Por Themis Pereira de Souza Vianna

 

Um achado importante

 

Dia desses, debruçada sobre aquelas coisas antigas, que boa parte das famílias guardam, encontrei uma publicação integral de um discurso proferido pelo meu avô, Hermes Pereira de Souza, então deputado federal, numa sessão de 16 de outubro de 1952, na cidade do Rio de Janeiro. O discurso foi apresentado ao Conselho Nacional do Partido Social Democrático (PSD), reunido para se posicionar ao apelo feito pelo presidente da República, Getúlio Vargas, feito em 3 de outubro de 1952.

 

Getúlio precisava apoio do PSD

 

O motivo do discurso foi o pedido que Getúlio Vargas fizera ao PSD para apoiá-lo nos projetos governamentais, uma vez que se abatera sobre o governo federal uma grave crise econômica e política, definido pelo próprio mandatário como "situação de falta de ordem administrativa".

Vargas necessitava veementemente do apoio do PSD, que, na época, era o maior partido do Brasil e fazia oposição. A inflação se expandia paralela com o aumento do desemprego e a impopularidade do governo. Daí a busca de apoio ao PSD.

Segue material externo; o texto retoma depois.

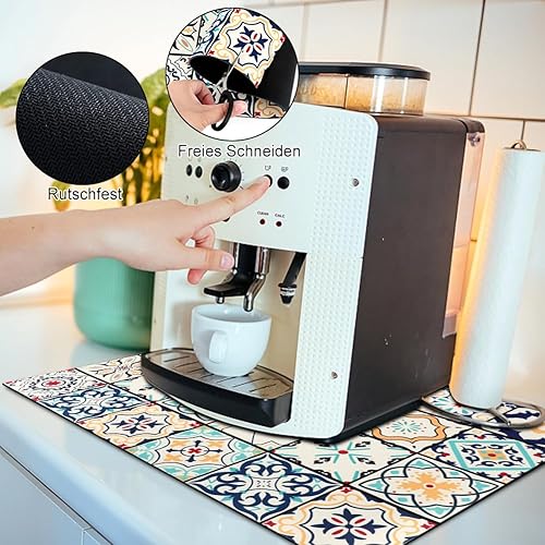 Tapis d'égouttement pour machine à café de 40 x 60 cm, conçu pour absorber rapidement l'eau et faciliter le séchage. Idéal pour la cuisine, ce tapis offre une surface absorbante qui aide à garder vos espaces propres et secs après utilisation de votre machine à café.

O segundo governo Vargas, iniciado em 31 de janeiro de 1951  foi marcado pela retomada da orientação nacionalista, cuja expressão maior seria o projeto de criação da Petrobras. Outra marca importante do período foi a progressiva radicalização política voltada ao populismo inconsequente. Do início ao fim do governo, Vargas enfrentou cerrada oposição da UDN e em especial do jornalista Carlos Lacerda, que insistia no perigo de Getúlio Varbas vir a rasgar mais uma Constituição, como o fizeram na década de trinta.

 

Sobre a descoberta do discurso do meu avô

 

Antes de transcrever literalmente o discurso do meu avô, acho importante manifestar a minha emoção sobre essa descoberta, que considero mais a um achado de um objeto antigo. Para mim foi o vislumbre de um instante da vida desse homem que muito admiro, um instante retido no passado, mas que pelas circunstâncias pode ser trasido ao presente. Um vislumbre que desperta sensações e associa imagens de um tempo, de uma época, bem diferente, muito diferente da atual, que conduz a memória aos anos cinquenta e faz a imaginação correr por um Brasil, que tinha apenas 51 milhões de habitantes e a cidade do Rio de Janeiro três vezes menor em relação a hoje. O discurso que vou transcrever, pertence àquele mundo, àquela época, mas, uma leitura mais detida, poderá mostrar algumas semelhantes significativas com a situação atual. 

 

Hermes Pereira de Souza à direita (com cigarro), entre os deputados federais gaúchos, tido como o grande articulador do partido. Acima a capa do discurso impresso  pelo Departamento da Imprensa Nacional - Rio de Janeiro - Brasil - 1952.

 

 

 

Hermes Pereira de Souza nasceu em São Borja, Rio Grande do Sul, foi Diretor da Caixa Federal  nesse Estado, promotor público, deputado estadual e deputado federal em três mandatos. Faleceu em Porto Alegre, em 1969, aos 58 anos.

 

 

 

DISCURSO DO DEPUTADO FEDERAL PELO RIO GRANDE DO SUL

HERMES PEREIRA DE SOUZA

 

            Sr. Presidente

            Srs. membros do Conselho Nacional

            Este egrégio Conselho está reunido, em virtude do discurso do Sr. Presidente da República, pronunciado no dia 3 deste mês. Não desejo analisar este discurso, nem discutir os propósitos que levaram o chefe da Nação a proferi-lo, para concluir que S, Excia. teve esta ou aquela intenção, visou este ou aquele objetivo. Nada disso, Sr. Presidente.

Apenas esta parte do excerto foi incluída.